> Given information:

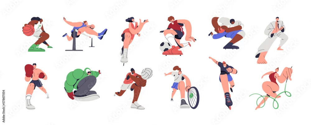 Athletes and sports set. Professional football, basketball, tennis, soccer, rugby players, boxing, gymnastics, karate, track and field sportsmen. Flat vector illustrations isolated on white background
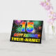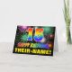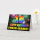 The front of this colorful, cheerful, and fun birthday-themed greeting card design features a large number "15" and the message "HAPPY BIRTHDAY,", both having a rainbow spectrum gradient inspired pattern coloring, along with a bold yellow editable recipient name. The front also features a multicolored background pattern inspired by bursting celebratory fireworks. The inside features a customized birthday greeting message, or could perhaps be cleared and left blank if a message is to be written by hand instead. A vibrant customizable birthday card like this might be a fun way to acknowledge somebody’s fifteenth birthday. [~Z0000471]
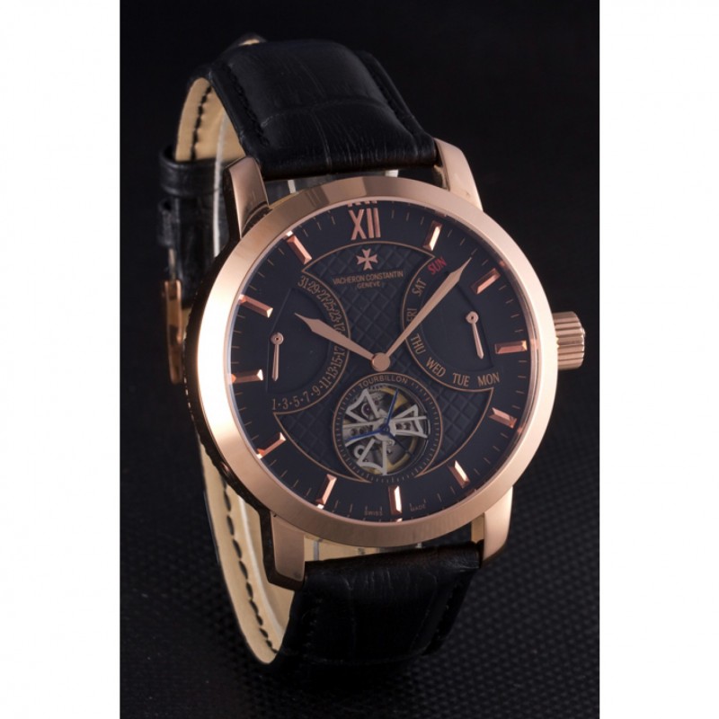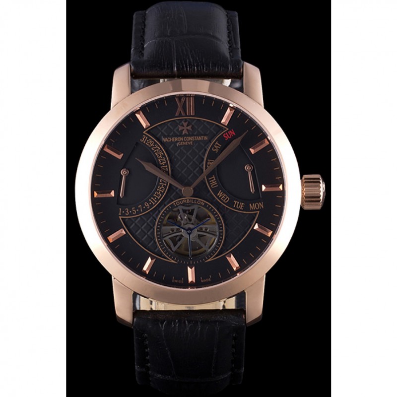 Recensisci per primo “Vacheron Constantin Tourbillon quadrante nero Bracciale in pelle cassa in oro rosa nero”

> How to complete this task: Go through the data and return every word of it verbatim, leaving out the pictures.

> Result of this exercise:
 Athletes and sports set. Professional football, basketball, tennis, soccer, rugby players, boxing, gymnastics, karate, track and field sportsmen. Flat vector illustrations isolated on white background
 The front of this colorful, cheerful, and fun birthday-themed greeting card design features a large number "15" and the message "HAPPY BIRTHDAY,", both having a rainbow spectrum gradient inspired pattern coloring, along with a bold yellow editable recipient name. The front also features a multicolored background pattern inspired by bursting celebratory fireworks. The inside features a customized birthday greeting message, or could perhaps be cleared and left blank if a message is to be written by hand instead. A vibrant customizable birthday card like this might be a fun way to acknowledge somebody’s fifteenth birthday. [~Z0000471]
 Recensisci per primo “Vacheron Constantin Tourbillon quadrante nero Bracciale in pelle cassa in oro rosa nero”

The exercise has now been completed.